- **Task statement**: Would you reproduce exactly, and only, the lines starting at the one with "This convenient, all" and ending at the last line of the data, with both included? Leave the pictures out.

----------

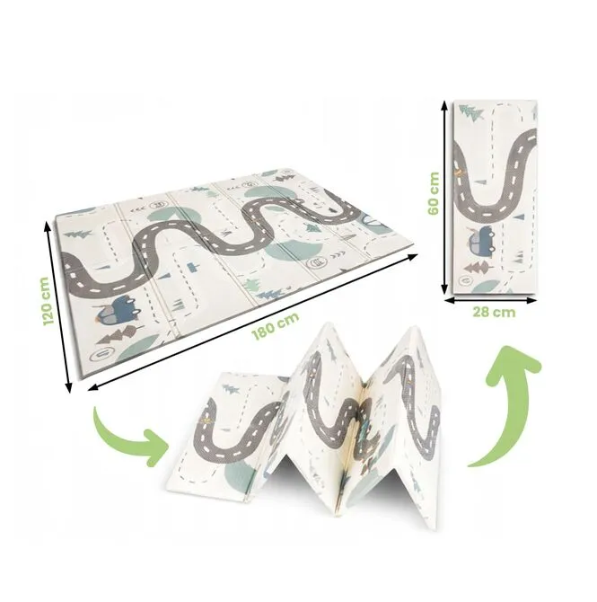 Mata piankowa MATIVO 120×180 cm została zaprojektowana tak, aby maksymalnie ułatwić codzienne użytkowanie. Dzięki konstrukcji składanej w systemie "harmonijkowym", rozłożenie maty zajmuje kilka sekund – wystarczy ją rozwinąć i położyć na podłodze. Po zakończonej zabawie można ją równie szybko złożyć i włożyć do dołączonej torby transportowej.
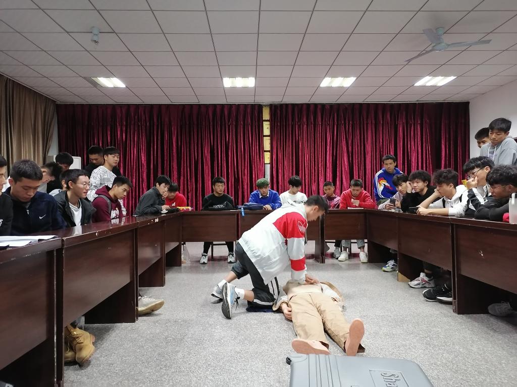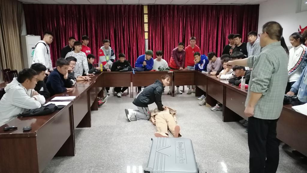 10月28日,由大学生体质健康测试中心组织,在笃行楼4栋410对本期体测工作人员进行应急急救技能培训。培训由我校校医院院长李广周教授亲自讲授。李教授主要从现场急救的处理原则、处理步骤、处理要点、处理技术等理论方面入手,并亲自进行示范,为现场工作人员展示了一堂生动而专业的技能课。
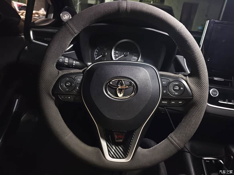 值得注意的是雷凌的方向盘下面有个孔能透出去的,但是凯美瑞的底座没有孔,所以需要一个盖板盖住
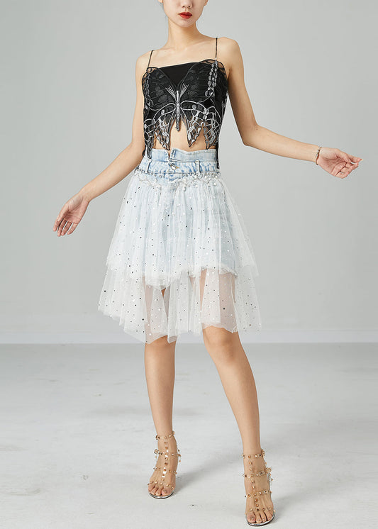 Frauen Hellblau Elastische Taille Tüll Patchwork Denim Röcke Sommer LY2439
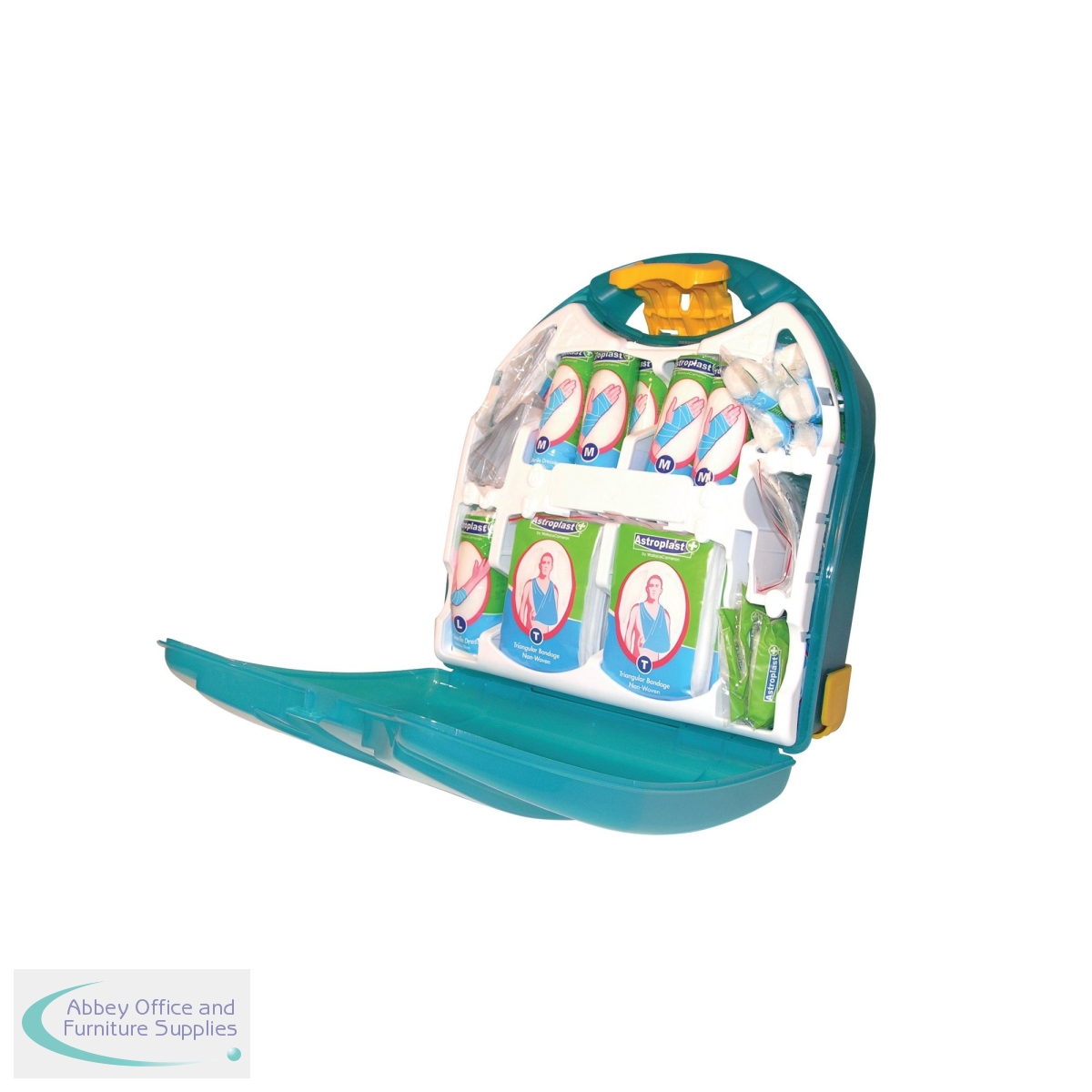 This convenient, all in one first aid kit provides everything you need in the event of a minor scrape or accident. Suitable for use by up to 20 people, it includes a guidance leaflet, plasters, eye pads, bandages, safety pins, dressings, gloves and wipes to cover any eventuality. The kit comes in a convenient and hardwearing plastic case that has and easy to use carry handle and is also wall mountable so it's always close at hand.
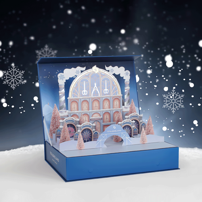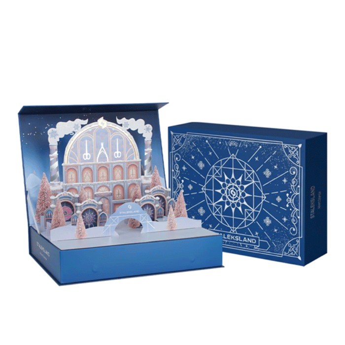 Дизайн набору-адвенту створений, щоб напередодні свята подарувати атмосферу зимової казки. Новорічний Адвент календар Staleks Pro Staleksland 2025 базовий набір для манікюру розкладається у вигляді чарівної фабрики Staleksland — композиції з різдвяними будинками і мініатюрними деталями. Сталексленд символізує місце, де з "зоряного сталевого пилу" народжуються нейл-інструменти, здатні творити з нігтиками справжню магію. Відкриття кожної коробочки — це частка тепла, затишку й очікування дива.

----------

- **Task output**:
 This convenient, all in one first aid kit provides everything you need in the event of a minor scrape or accident. Suitable for use by up to 20 people, it includes a guidance leaflet, plasters, eye pads, bandages, safety pins, dressings, gloves and wipes to cover any eventuality. The kit comes in a convenient and hardwearing plastic case that has and easy to use carry handle and is also wall mountable so it's always close at hand.
 Дизайн набору-адвенту створений, щоб напередодні свята подарувати атмосферу зимової казки. Новорічний Адвент календар Staleks Pro Staleksland 2025 базовий набір для манікюру розкладається у вигляді чарівної фабрики Staleksland — композиції з різдвяними будинками і мініатюрними деталями. Сталексленд символізує місце, де з "зоряного сталевого пилу" народжуються нейл-інструменти, здатні творити з нігтиками справжню магію. Відкриття кожної коробочки — це частка тепла, затишку й очікування дива.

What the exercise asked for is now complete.